For directly transferring a logical backup between Heroku Postgres databases,
heroku pg:copy will use a dedicated dyno to pipe the output of
pg_dump directly to
pg_restore, removing the need to transfer the dump file to a location external to Heroku. The data transfer is also piped through
pv, an application better known as pipeviewer, to provide more visibility into the transfer. However, creating indexes, adding constraints and doing basic sanity checking at the end of the
pg:copy run will not be reflected in
pv‘s logging, so the transfer may appear to hang, but is working in the background.

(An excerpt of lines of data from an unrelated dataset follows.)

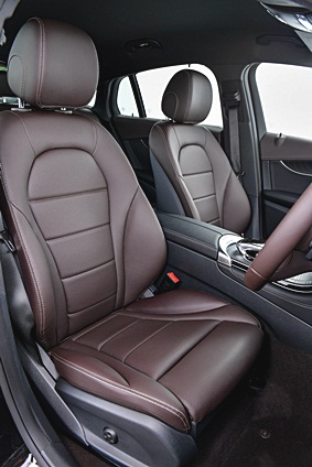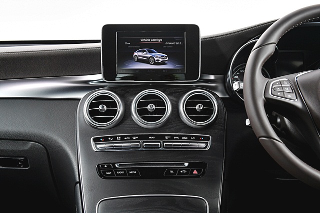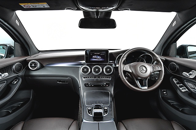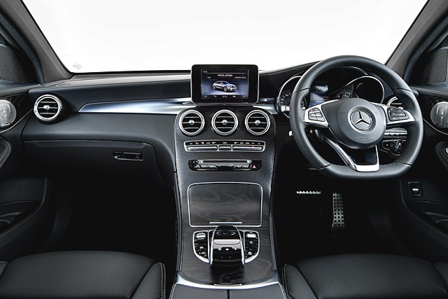 ระบบควบคุมอุณหภูมิแบบ THERMATIC แบบ 2 โซน, เบาะนั่งสำหรับผู้ขับขี่และผู้โดยสารด้านหน้าปรับระดับด้วยระบบไฟฟ้าพร้อมบันทึกหน่วยความจำ โดยเบาะนั่งด้านหลังสามารถพับได้ทั้ง 1:3/2:3 ตามความต้องการเพื่อเพิ่มพื้นที่ในการจัดเก็บของที่เพิ่มขึ้น รวมถึงระบบมัลติมีเดียอย่างระบบวิทยุ-ซีดี MB Audio 20, ระบบเชื่อมต่อโทรศัพท์เคลื่อนที่แบบ Bluetooth, ระบบควบคุมและสั่งงานด้วย touchpad และระบบรองรับการใช้งานระบบนำทาง (Pre-installation for SD-Card navigation) โดย GLC 250 d 4MATIC Coup AMG Plus ตกแต่งด้วยเบาะนั่งหุ้มหนังแบบสปอร์ตพวงมาลัยมัลติฟังก์ชันแบบสปอร์ตท้ายตัด ชุดคันเร่งและแป้นเบรกแบบสปอร์ต ระบบกุญแจแบบ KEYLESS-GO รวมถึงระบบเสียงรอบทิศทาง Burmester ระบบแสดงผลข้อมูลการขับขี่บนกระจกบังลมหน้า (Head-up display)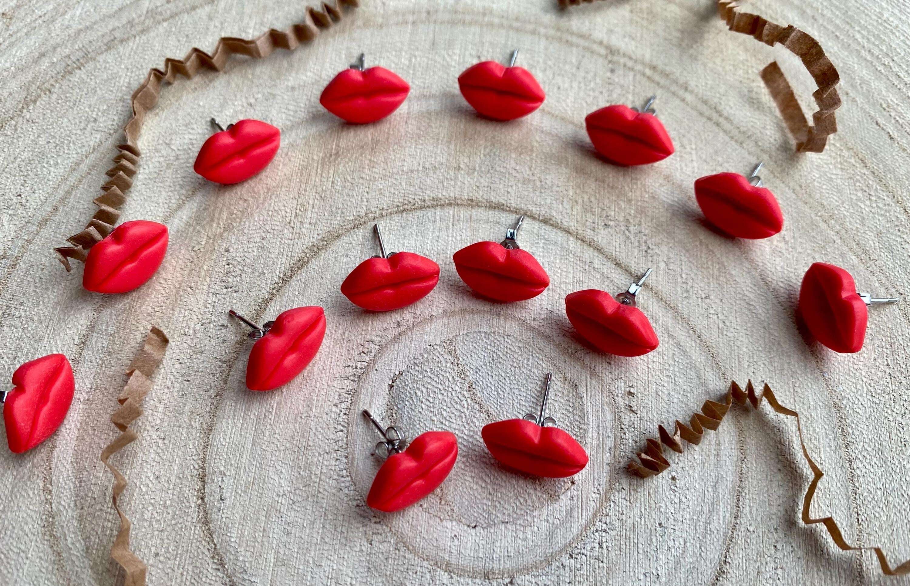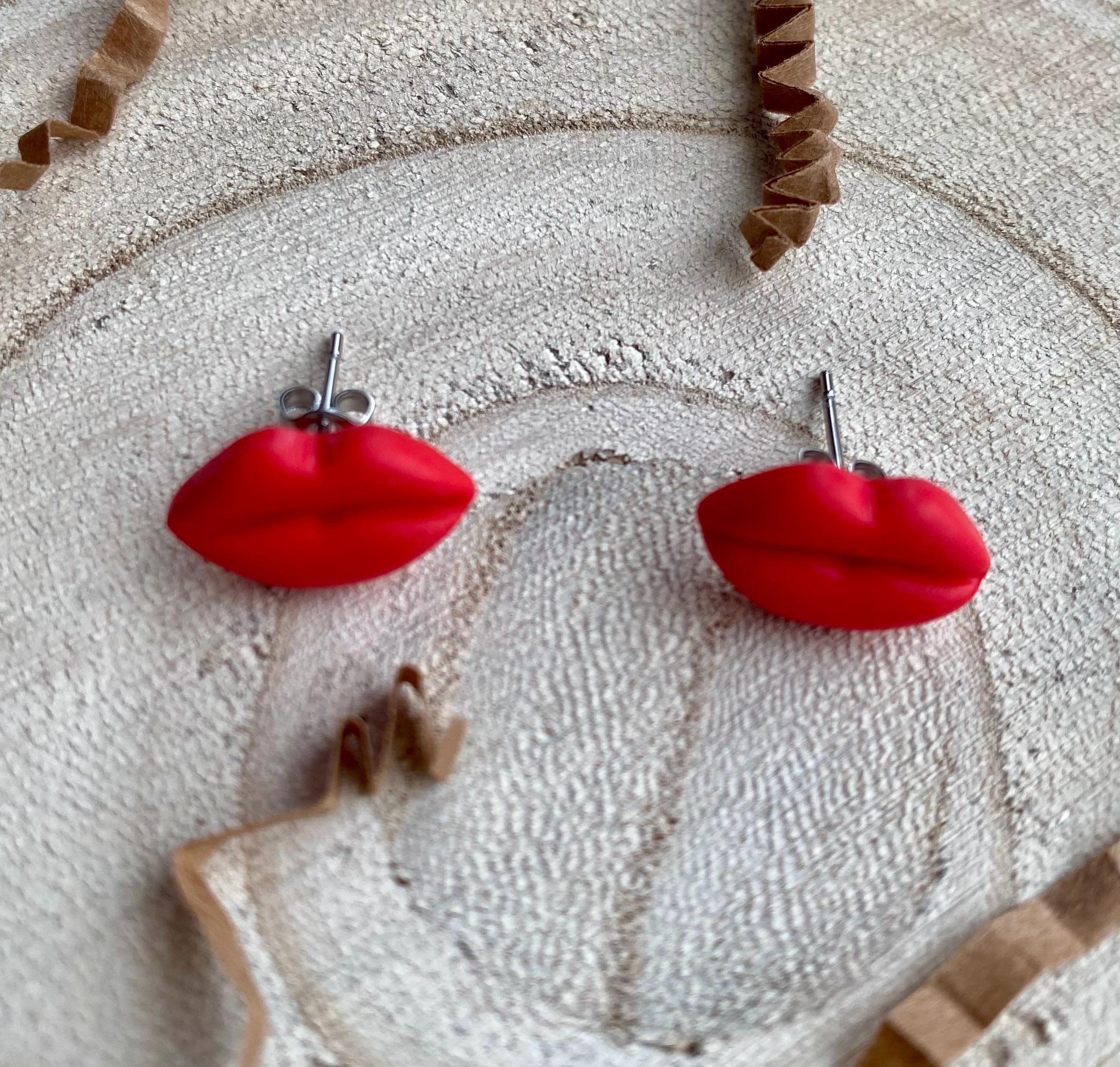 Handmade Red Lip Stud Earrings: Valentines earrings, Valentines gifts, Bisou, hot red lips, Hen party gifts, bold red lips, polymer clay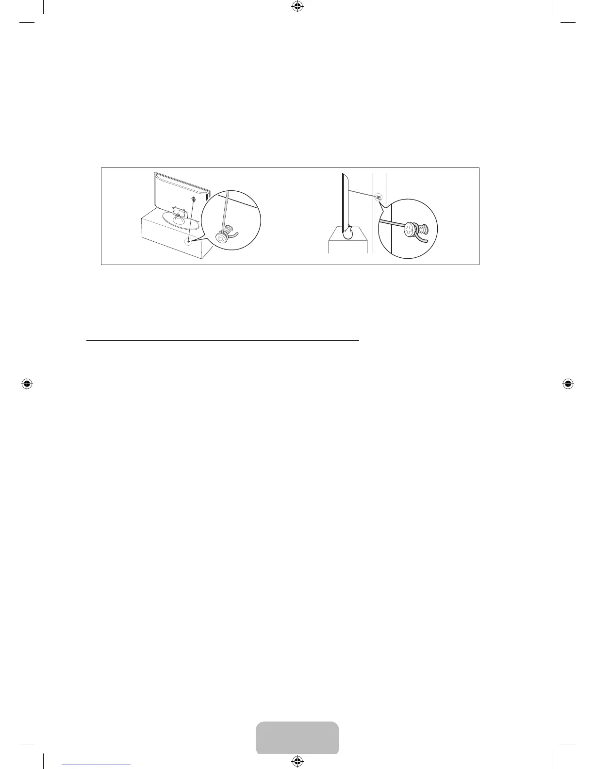 3. Tie the TV-Holder cord to the screw fastened to the wall or cabinet so that the TV is fixed. See the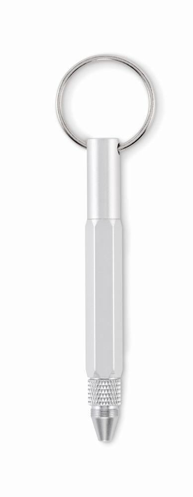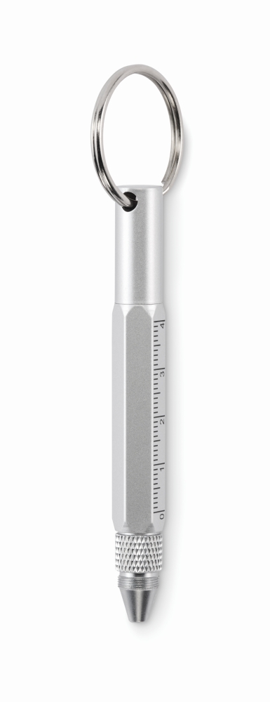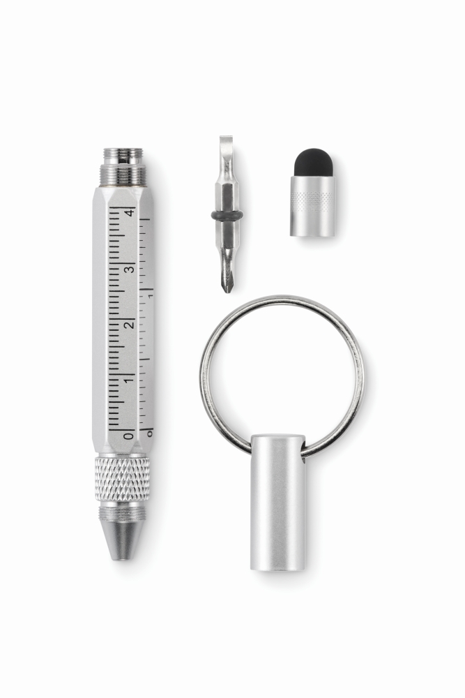 Přívěsek na klíče, propiska, pravítko 4 cm a 1,5 palce, stylus, křížový a plochý šroubovací bit 2v1. Černý inkoust. Vyrobeno z recyklovaného hliníku. Rozměry: O 1,1 x 11,7 cm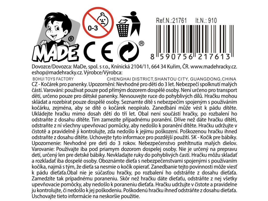 Lagana i stabilna dječja kolica tipa sklopiva (golf) za djevojčice od 3 godine. Nude jednostavno upravljanje, izdržljiv plastični okvir i dovoljno prostora za lutke. Dostupna u 4 varijante boja, pakirana na header kartici za jednostavno izlaganje.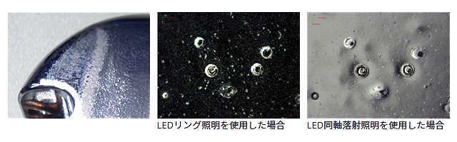 同軸照明を明視野照明(リング照明等)と比較すると得られる映像の違いがわかります。
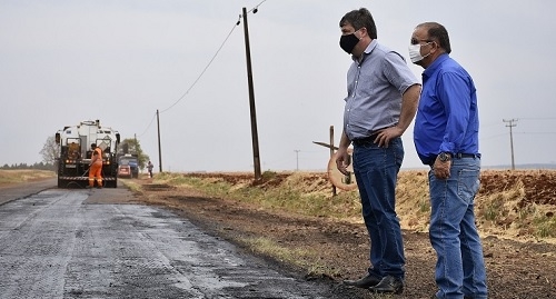 Mauro Slongo, prefeito de Luiziana, sobre o início do recape da PR 553, que que liga a cidade à BR-487. Serão recapeados 4,62 km do trevo até a cidade e 2,1 km no perímetro Urbano. A demora foi porque a empresa contratada pelo DER estava trabalhando em outra rodovia; nesta segunda-feira.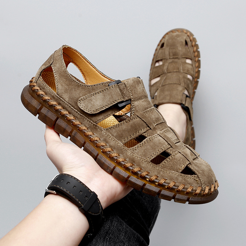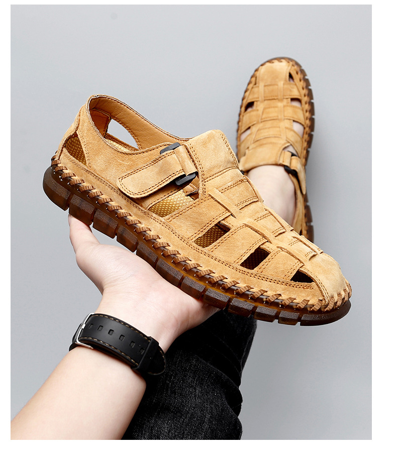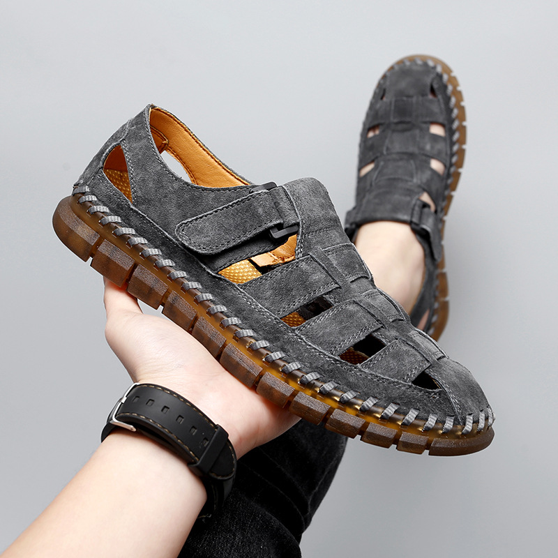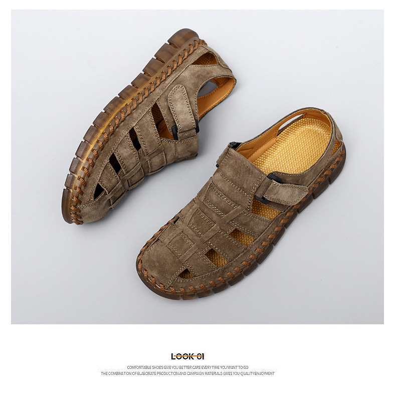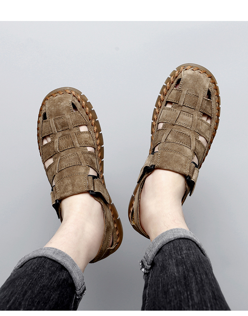 국경 간 남성 샌들 정품 가죽 비치 샌들 빈티지 여름 수제 플러스 사이즈 남성 샌들 캐주얼 수제 샌들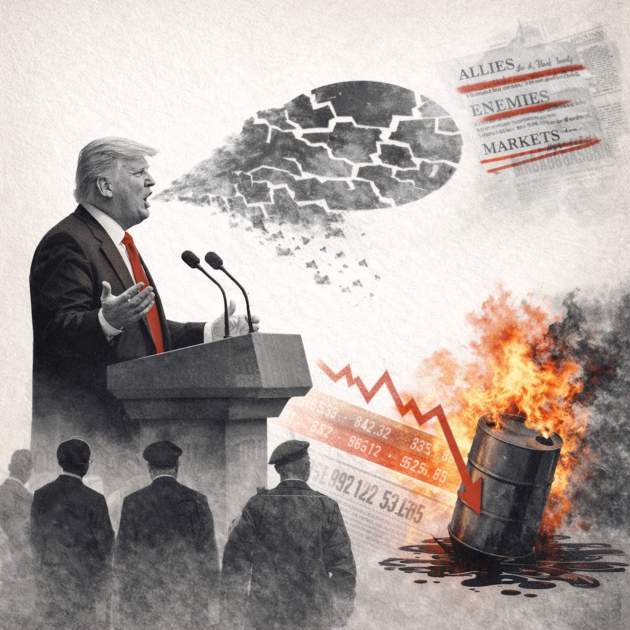 Avui divendres 3 d’abril és Divendres Sant, així que és un dels tres dies a l’any (juntament amb Sant Esteve i el dia de Cap d’Any) que no hi ha edicions de diaris en paper a Catalunya, mentre que a Madrid i a la resta de l’estat és Dissabte de Glòria (és a dir, demà), Nadal i l’1 de gener quan no és hi ha premsa escrita del dia. Alguns rotatius, però, actualitzen la seva portada en format PDF, tot i que de manera digital, incloent-hi els temes d’actualitat. És el cas de La Vanguardia, que dedica el tema principal -com també fan els diaris de la capital del regne- al conflicte a l’Orient Mitjà, i en concret, al “desconcertant” discurs que Donald Trump va dirigir a la nació sobre la guerra contra l’Iran. Un discurs que va causar “decepció” perquè no va aportar novetats significatives respecte al que va dir el dia anterior -que posaria fi a la guerra en dues o tres setmanes i que es desentenia de l’estret d’Ormuz-, i va tornar a provocar reaccions als mercats i la pujada del petroli. El món desconfia de Trump, sap que la seva paraula no té cap valor perquè les seves promeses i amenaces queden en paper mullat, i que per molt que asseguri que ha guanyat la guerra per pallissa i les capacitats militars de l’Iran estan destruïdes, el règim persa el desmenteix un cop i un altre. Teheran continua llançant drons i míssils contra Israel i els països del Golf aliats, i si compleix les seves amenaces. Ningú es creu a Trump, ni els seus aliats, ni els mercats, ni els enemics, i tampoc les portades, que parlen de “desconcert”, “vaivens”, de “més amenaces que certeses”.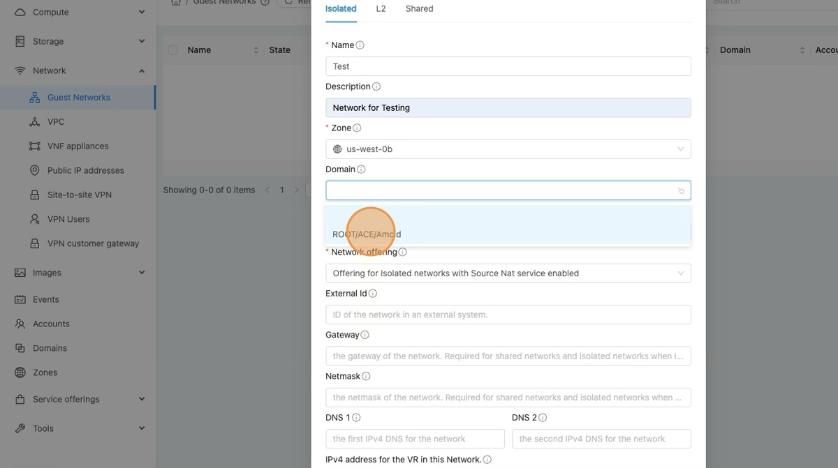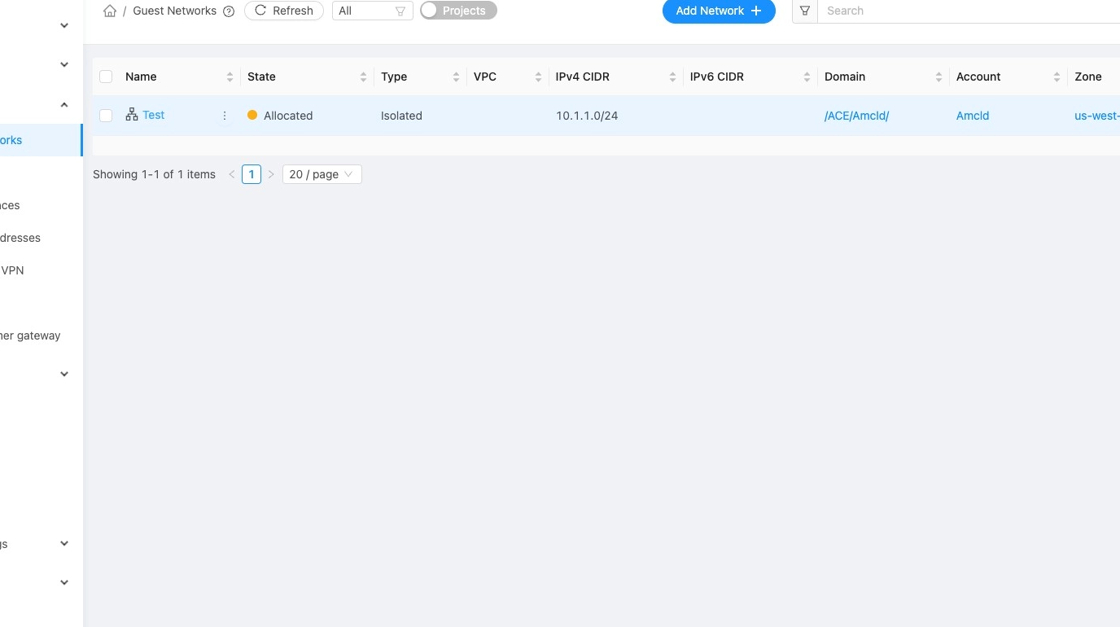 Your Isolated Network has Been Allocated. The network can be viewed by going to Network > Guest networks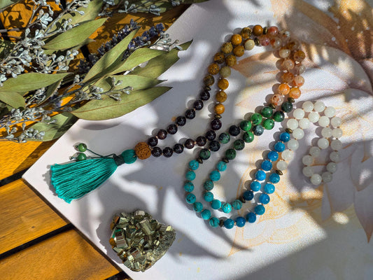 7 Chakra Mala Beads 108 Hand-Knotted Reiki-Infused Meditation Necklace | Healing Gemstone Prayer Beads for Chakra Alignment & Balance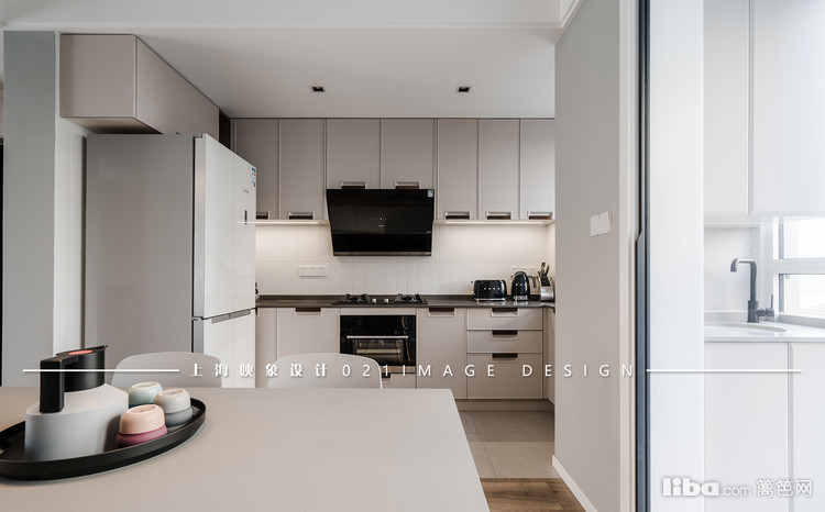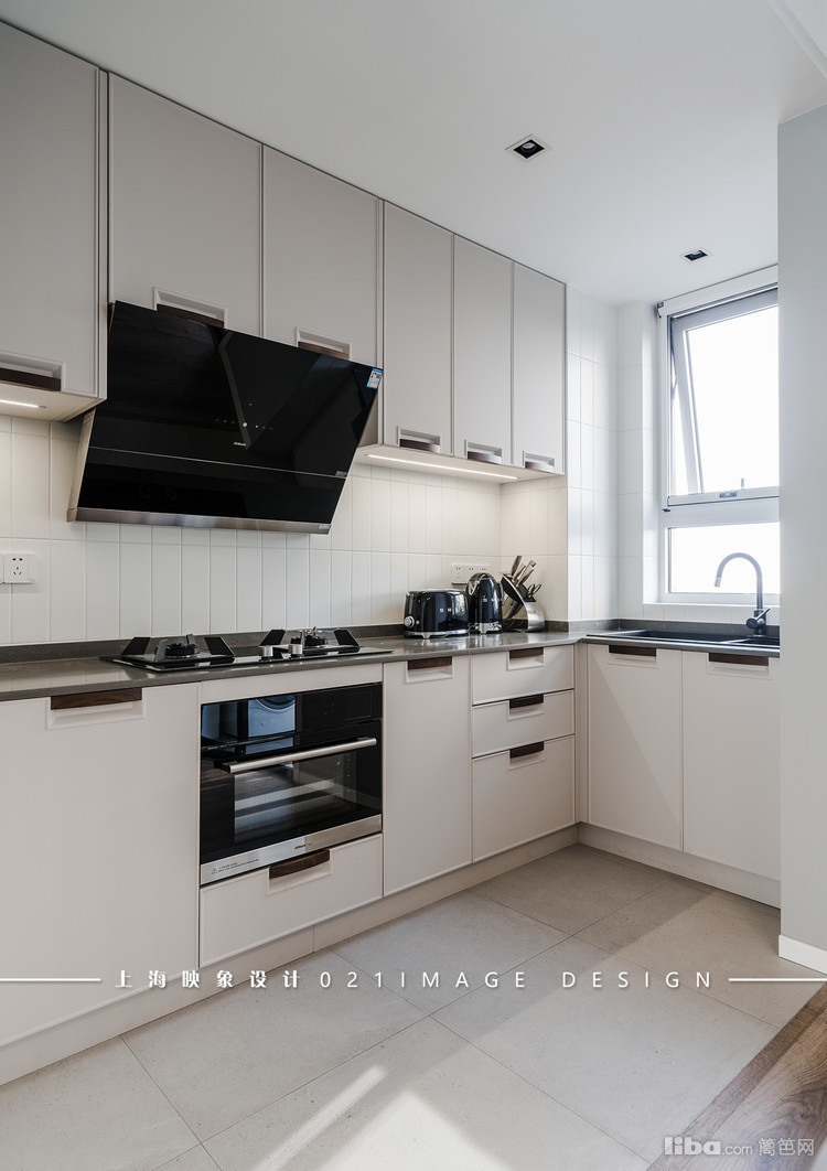 看似很普通的地方,细细一品你会发现,橱柜的把手是木色的,简单又特别。再看灶具和脱排的地方,又是浓重的黑色,瞬时就有了亮点。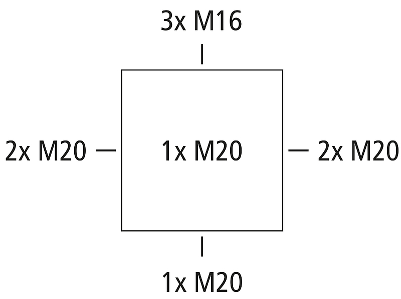 Abox 025-L,产品编号:80240001 | 尺寸:87x87x52mm 接线盒,IP66防护等级,标准截面2.5mm²,VDE认证(DIN EN 60670-1/-22(VDED0606-1/-22)),DLG(耐氨性测试),带弹性自密封孔,M16/M20,密封范围4-16mm,(背部1个,侧面8个),标准室内和室外固定安装,灰色,Ui=1000 V AC

The performance impact of logical backups
Capturing a logical backup from a database will subject it to increased load. As all data is read, a logical backup capture will evict well cached data from non-Postgres caches, consume finite disk I/O capacity, pause auto-maintenance tasks and degrade the performance of other queries. As the size of a database and/or the load the database is under grows, this period of degraded performance and neglected auto-maintenance will also grow. Balancing your database’s performance with your backup requirements is necessary in order to avoid unpleasant surprises.
In general, PGBackups are intended for moderately loaded databases up to 20 GB. Contention for the I/O, memory and CPU needed for backing up a larger database becomes prohibitive at a moderate load and the longer run time increases the chance of an error that will end your backup capture prematurely.
Combining physical and logical backups
Fork and followers may be employed to reduce the load of a logical backup. Capturing a logical backup from a follower will preserve the leader’s performance and allow the backup operation to consume as many resources as necessary for the dump to succeed. Launching a short lived fork will also allow for logical backups to be taken without affecting your primary database’s performance, although the initial base backup of a new fork will compete with the logical backup for disk I/O. More information on capturing logical backups can be found above, and in Heroku Postgres Backups.
PGBackups are able to capture automatic backups of the database at any of the defined database config vars like
DATABASE_URL. This allows you to tune where and when your logical backup should be taken.